Verifica-se nesse trecho, a importância de se conhecer a própria história e ter referenciais concretos de ancestralidade, bem como a necessidade de tomada de consciência étnico-racial. Considerando que,

[...] no processo de construção da identidade coletiva negra, é preciso resgatar sua história e autenticidade, desconstruindo a memória de uma história negativa que se encontra na historiografia colonial ainda presente em ‘nosso’ imaginário coletivo e reconstruindo uma verdadeira história positiva capaz de resgatar sua plena humanidade e autoestima destruída pela ideologia racista

presente na historiografia colonial (MUNANGA, 2012, p. 10).
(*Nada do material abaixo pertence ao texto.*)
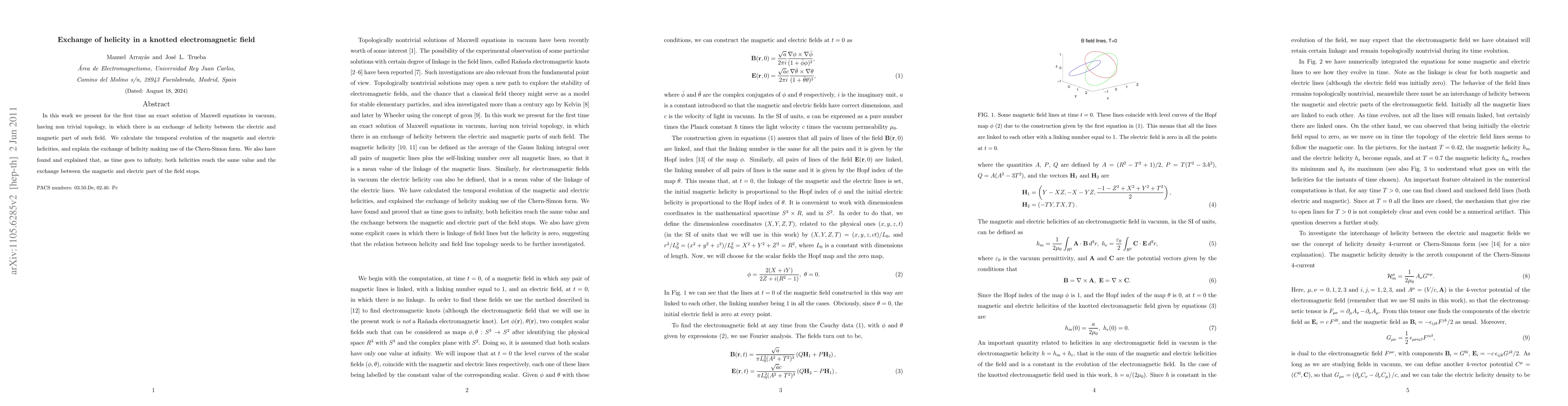 This paper presents an exact solution of Maxwell's equations in vacuum with non-trivial topology, demonstrating an exchange of helicity between the electric and magnetic fields. The study uses the Chern-Simon form to explain this phenomenon and shows that both helicities converge to the same value as time approaches infinity.

Nessa perspectiva, para (re) construção da identidade negra, torna-se salutar, a partir da sua ancestralidade potente: construir uma nova representação social dessa população, que contraponha e rompa com a estratégia de poder colonial que ainda perdura instrumentalizando a economia, a política, a cultura, a epistemologia e a pedagogia da sociedade brasileira (GOMES, 2012); construir uma visão da negritude como confirmação e construção de uma solidariedade entre as vítimas (MUNANGA, 2012); e, sendo a escola um microssistema da sociedade, responsável pela construção de saberes e identidades, pensar e construir nesse espaço, estratégias decoloniais de ensino formal e informal, repensando pedagogias e currículos específicos com enfoque multirracial e intercultural (GOMES, 2012).